In the entries that follow, repeat exactly the lines from the one that has "고급스러운 미니 충전식" through the one that has "Funny Breakfast for", but omit pictures.

Stored dataset items:
=-=-=-=-=

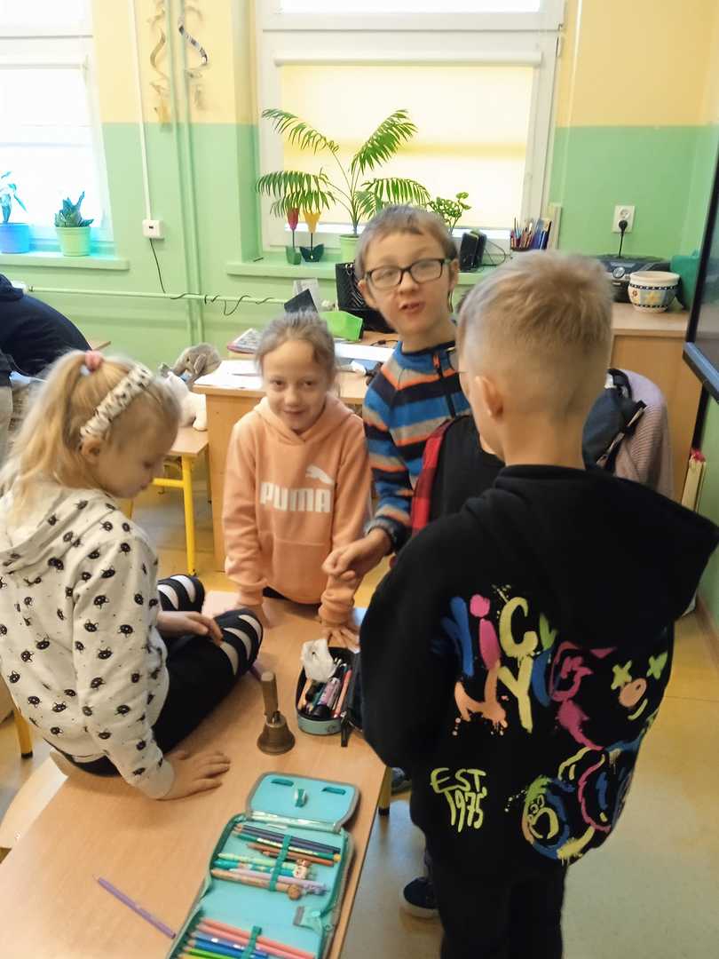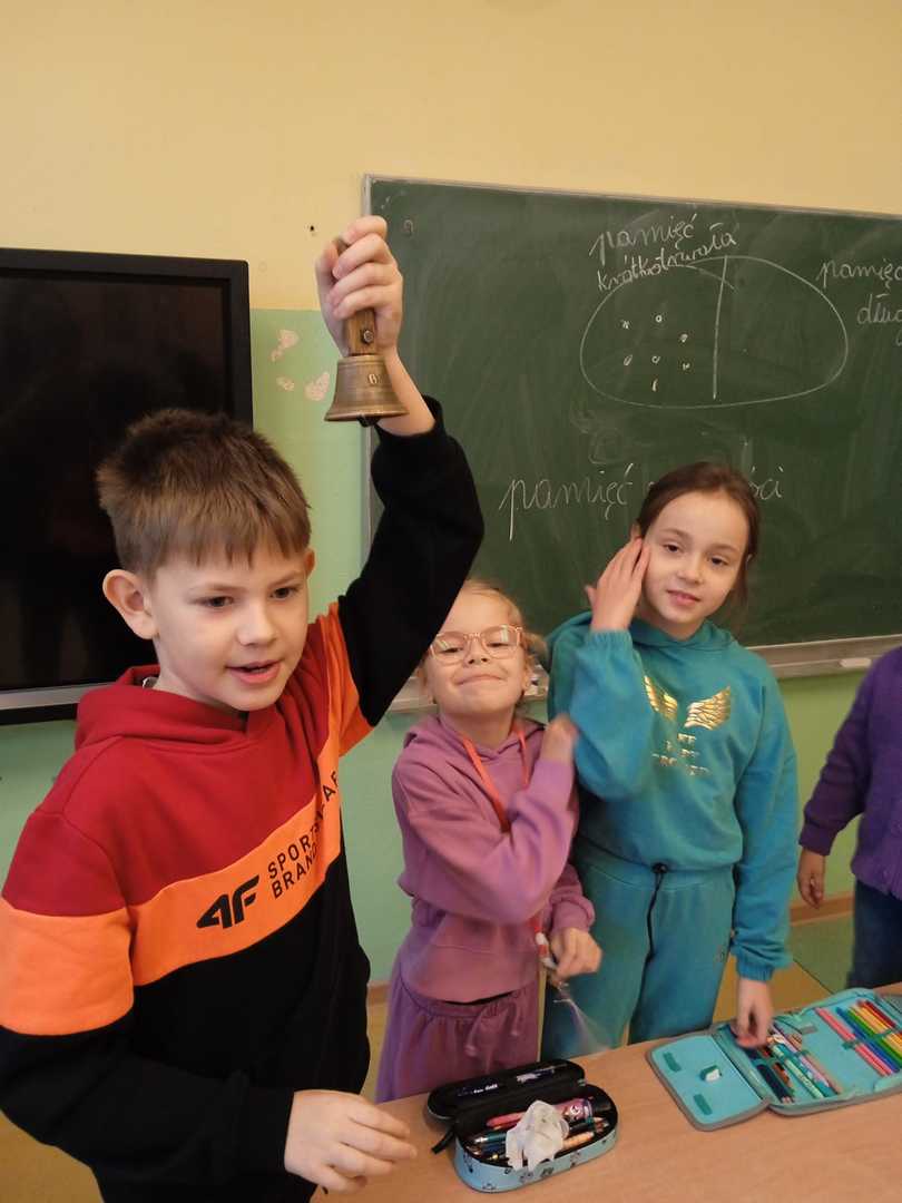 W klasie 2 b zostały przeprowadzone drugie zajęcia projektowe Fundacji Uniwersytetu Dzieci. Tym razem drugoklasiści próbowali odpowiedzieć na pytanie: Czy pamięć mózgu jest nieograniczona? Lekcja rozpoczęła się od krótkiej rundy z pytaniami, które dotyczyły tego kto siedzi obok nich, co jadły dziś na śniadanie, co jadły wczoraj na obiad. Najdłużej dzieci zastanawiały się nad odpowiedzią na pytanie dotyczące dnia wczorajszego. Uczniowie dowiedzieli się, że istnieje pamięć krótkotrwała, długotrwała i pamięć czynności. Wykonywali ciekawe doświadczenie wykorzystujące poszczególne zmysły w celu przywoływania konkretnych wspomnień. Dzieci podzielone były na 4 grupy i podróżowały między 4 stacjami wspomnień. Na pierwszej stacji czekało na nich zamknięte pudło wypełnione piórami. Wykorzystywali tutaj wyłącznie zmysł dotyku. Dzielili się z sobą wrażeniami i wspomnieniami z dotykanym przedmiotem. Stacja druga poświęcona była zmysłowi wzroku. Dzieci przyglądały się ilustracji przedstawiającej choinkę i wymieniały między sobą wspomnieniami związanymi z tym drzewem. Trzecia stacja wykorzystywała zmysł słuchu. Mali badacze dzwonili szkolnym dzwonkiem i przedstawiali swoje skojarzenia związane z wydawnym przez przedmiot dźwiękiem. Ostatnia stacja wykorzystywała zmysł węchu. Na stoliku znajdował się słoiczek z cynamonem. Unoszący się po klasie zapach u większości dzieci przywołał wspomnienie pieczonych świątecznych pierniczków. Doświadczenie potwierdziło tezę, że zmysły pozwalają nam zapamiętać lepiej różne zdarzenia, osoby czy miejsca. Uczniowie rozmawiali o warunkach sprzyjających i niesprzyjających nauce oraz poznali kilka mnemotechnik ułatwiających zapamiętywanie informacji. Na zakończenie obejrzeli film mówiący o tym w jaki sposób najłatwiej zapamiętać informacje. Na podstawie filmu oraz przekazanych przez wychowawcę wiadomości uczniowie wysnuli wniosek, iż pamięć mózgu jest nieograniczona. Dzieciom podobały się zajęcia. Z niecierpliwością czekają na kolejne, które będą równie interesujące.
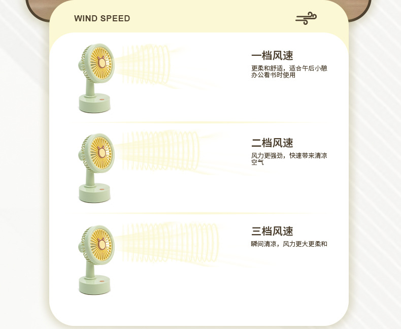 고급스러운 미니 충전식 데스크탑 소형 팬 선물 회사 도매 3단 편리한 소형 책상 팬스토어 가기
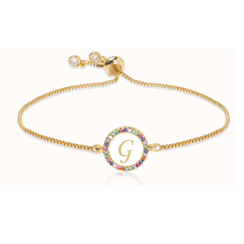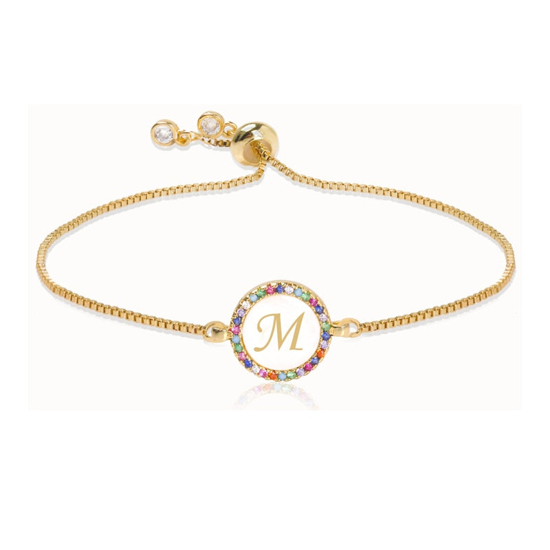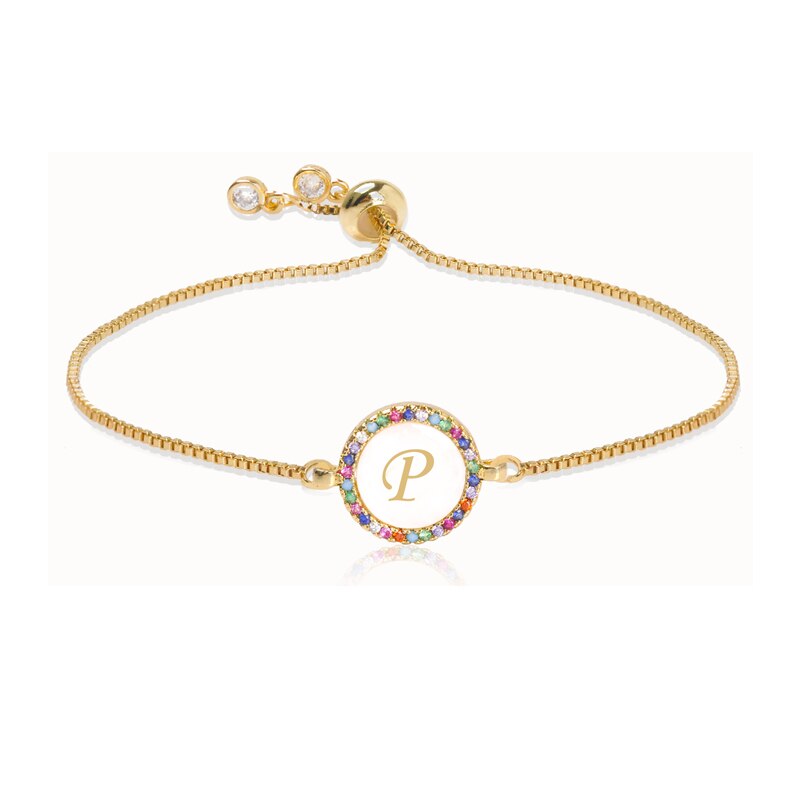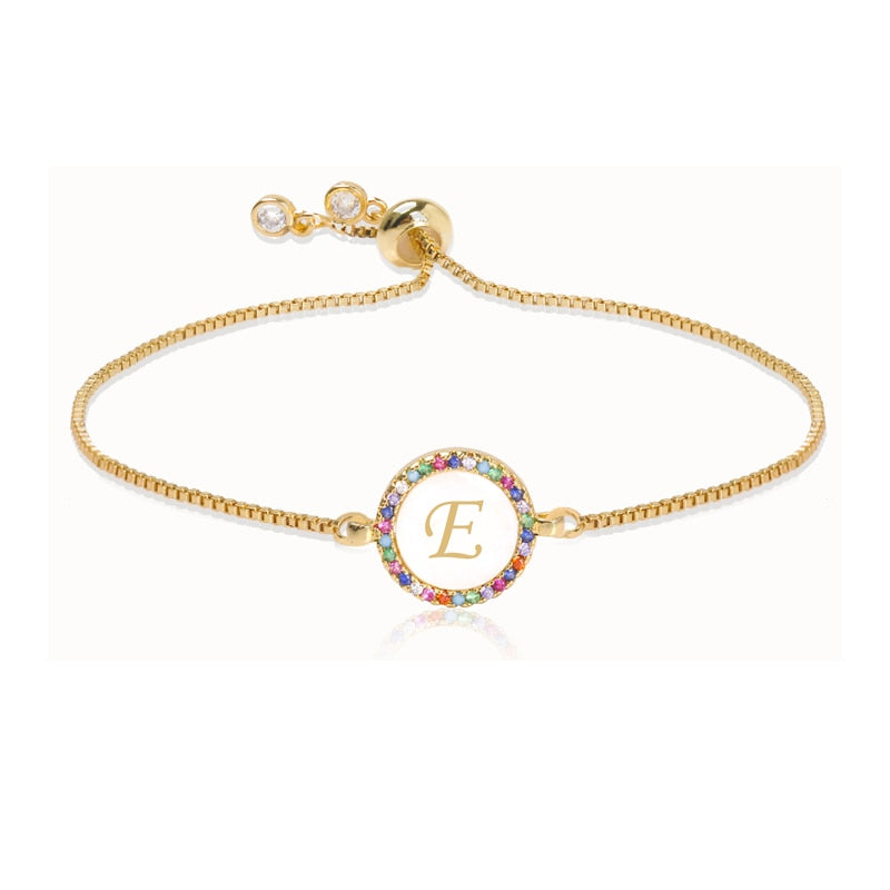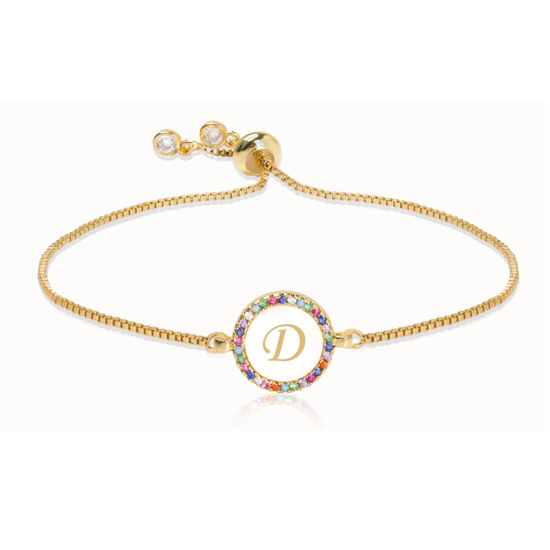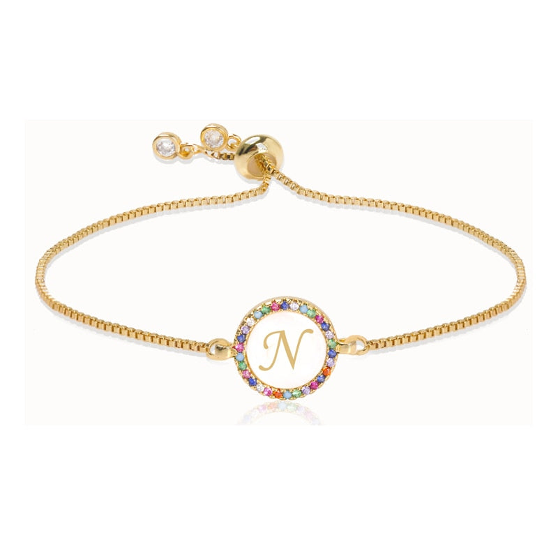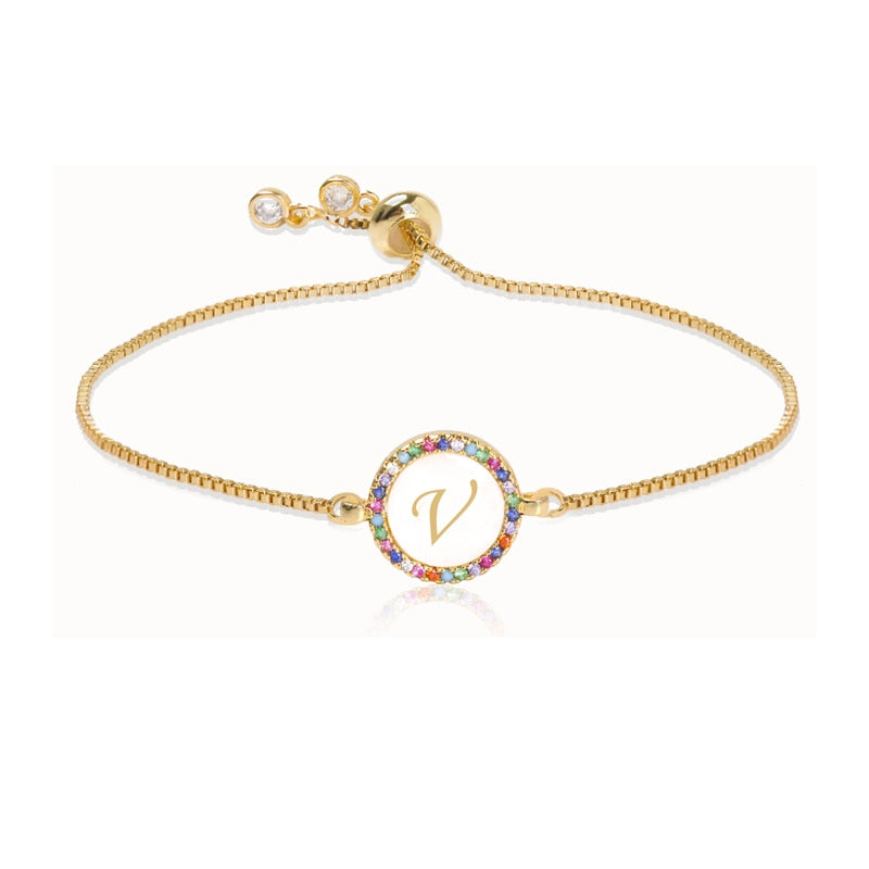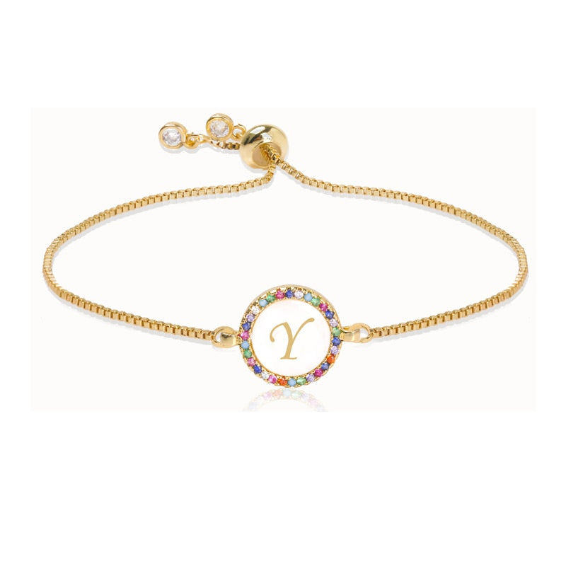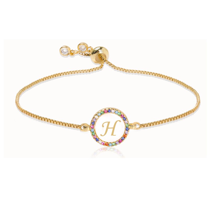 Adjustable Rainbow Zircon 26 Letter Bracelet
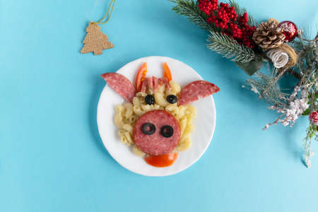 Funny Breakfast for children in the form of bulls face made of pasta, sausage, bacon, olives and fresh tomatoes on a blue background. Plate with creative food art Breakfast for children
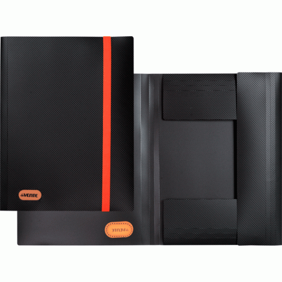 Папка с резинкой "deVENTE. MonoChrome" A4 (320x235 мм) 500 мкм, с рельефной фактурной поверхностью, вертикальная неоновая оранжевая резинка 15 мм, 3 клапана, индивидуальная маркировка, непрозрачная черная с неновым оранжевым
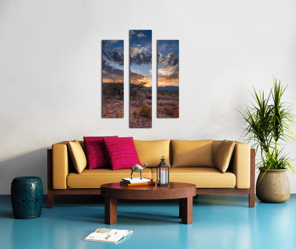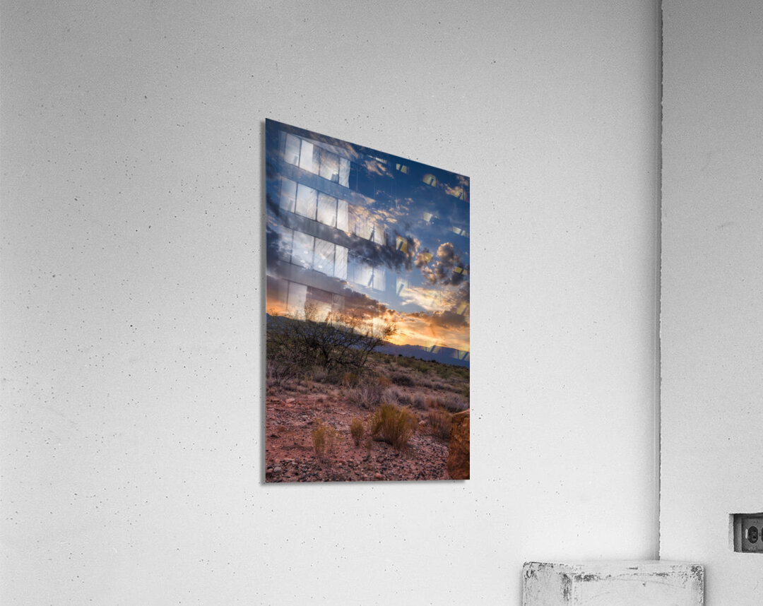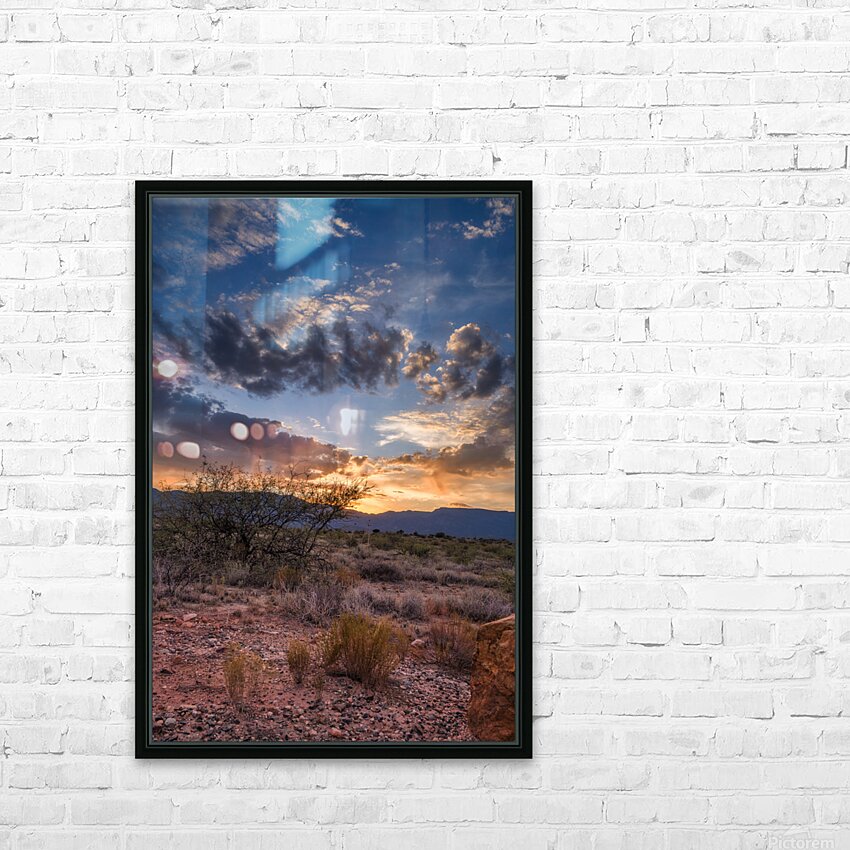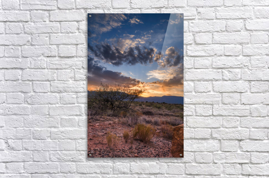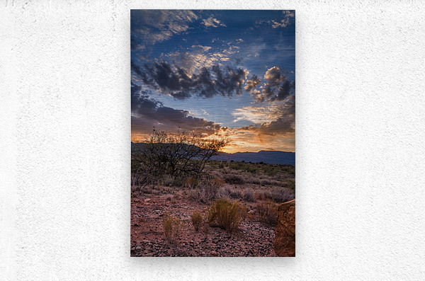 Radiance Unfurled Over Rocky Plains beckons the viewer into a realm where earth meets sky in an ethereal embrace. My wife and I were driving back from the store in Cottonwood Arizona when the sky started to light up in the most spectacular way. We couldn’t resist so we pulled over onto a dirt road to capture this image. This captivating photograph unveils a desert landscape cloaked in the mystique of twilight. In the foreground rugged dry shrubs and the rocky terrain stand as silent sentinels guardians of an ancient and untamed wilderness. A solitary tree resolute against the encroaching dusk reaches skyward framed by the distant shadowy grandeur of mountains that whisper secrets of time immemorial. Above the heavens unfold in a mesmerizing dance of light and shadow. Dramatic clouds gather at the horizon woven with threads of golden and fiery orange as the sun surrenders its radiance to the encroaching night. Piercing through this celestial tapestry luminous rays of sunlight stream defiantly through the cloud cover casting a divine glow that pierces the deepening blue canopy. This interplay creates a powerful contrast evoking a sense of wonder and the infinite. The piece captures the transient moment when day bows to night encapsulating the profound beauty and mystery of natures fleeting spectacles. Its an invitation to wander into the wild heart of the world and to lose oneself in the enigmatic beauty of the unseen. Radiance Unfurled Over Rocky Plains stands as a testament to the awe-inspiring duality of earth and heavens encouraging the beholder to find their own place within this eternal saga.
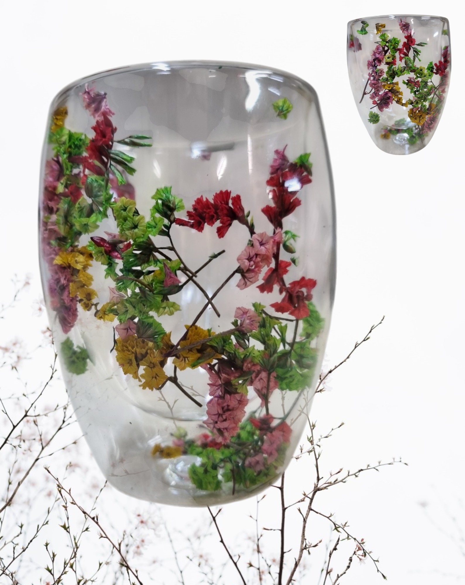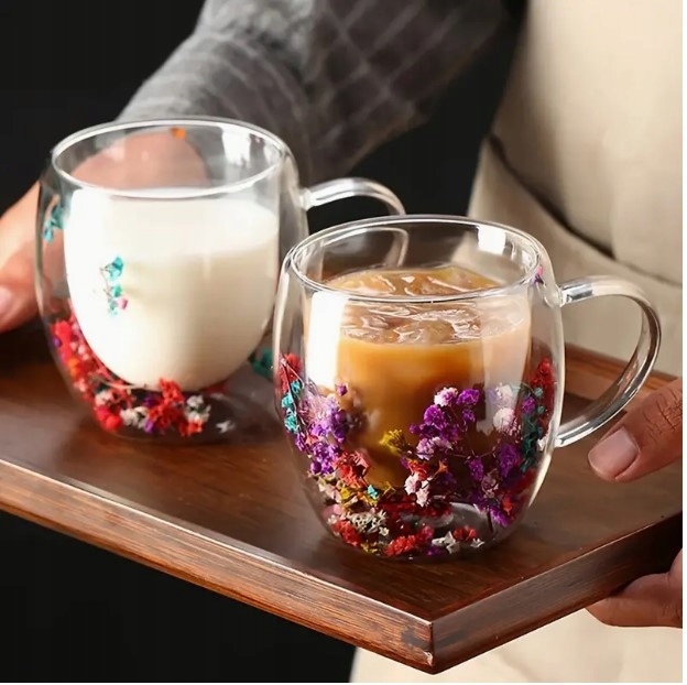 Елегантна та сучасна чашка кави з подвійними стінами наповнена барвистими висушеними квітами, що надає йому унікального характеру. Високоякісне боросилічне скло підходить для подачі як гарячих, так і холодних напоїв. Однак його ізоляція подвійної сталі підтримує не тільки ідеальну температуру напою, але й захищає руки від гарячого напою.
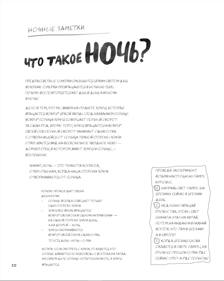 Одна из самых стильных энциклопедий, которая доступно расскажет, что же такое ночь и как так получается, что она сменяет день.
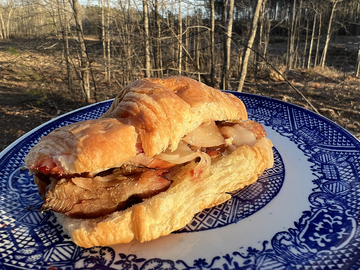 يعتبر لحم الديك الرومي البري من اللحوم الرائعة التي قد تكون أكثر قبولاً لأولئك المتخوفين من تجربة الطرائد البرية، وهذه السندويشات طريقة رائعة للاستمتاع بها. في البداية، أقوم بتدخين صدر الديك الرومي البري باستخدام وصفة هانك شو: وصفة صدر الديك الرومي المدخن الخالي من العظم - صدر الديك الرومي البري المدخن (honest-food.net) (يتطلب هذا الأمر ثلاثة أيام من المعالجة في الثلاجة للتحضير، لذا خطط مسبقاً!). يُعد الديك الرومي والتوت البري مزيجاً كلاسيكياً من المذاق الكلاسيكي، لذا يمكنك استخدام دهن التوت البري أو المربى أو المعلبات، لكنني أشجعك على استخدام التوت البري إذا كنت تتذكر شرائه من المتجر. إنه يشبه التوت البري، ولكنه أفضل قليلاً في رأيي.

=-=-=-=-=

▶ **RESULT**
 고급스러운 미니 충전식 데스크탑 소형 팬 선물 회사 도매 3단 편리한 소형 책상 팬스토어 가기
 Adjustable Rainbow Zircon 26 Letter Bracelet
 Funny Breakfast for children in the form of bulls face made of pasta, sausage, bacon, olives and fresh tomatoes on a blue background. Plate with creative food art Breakfast for children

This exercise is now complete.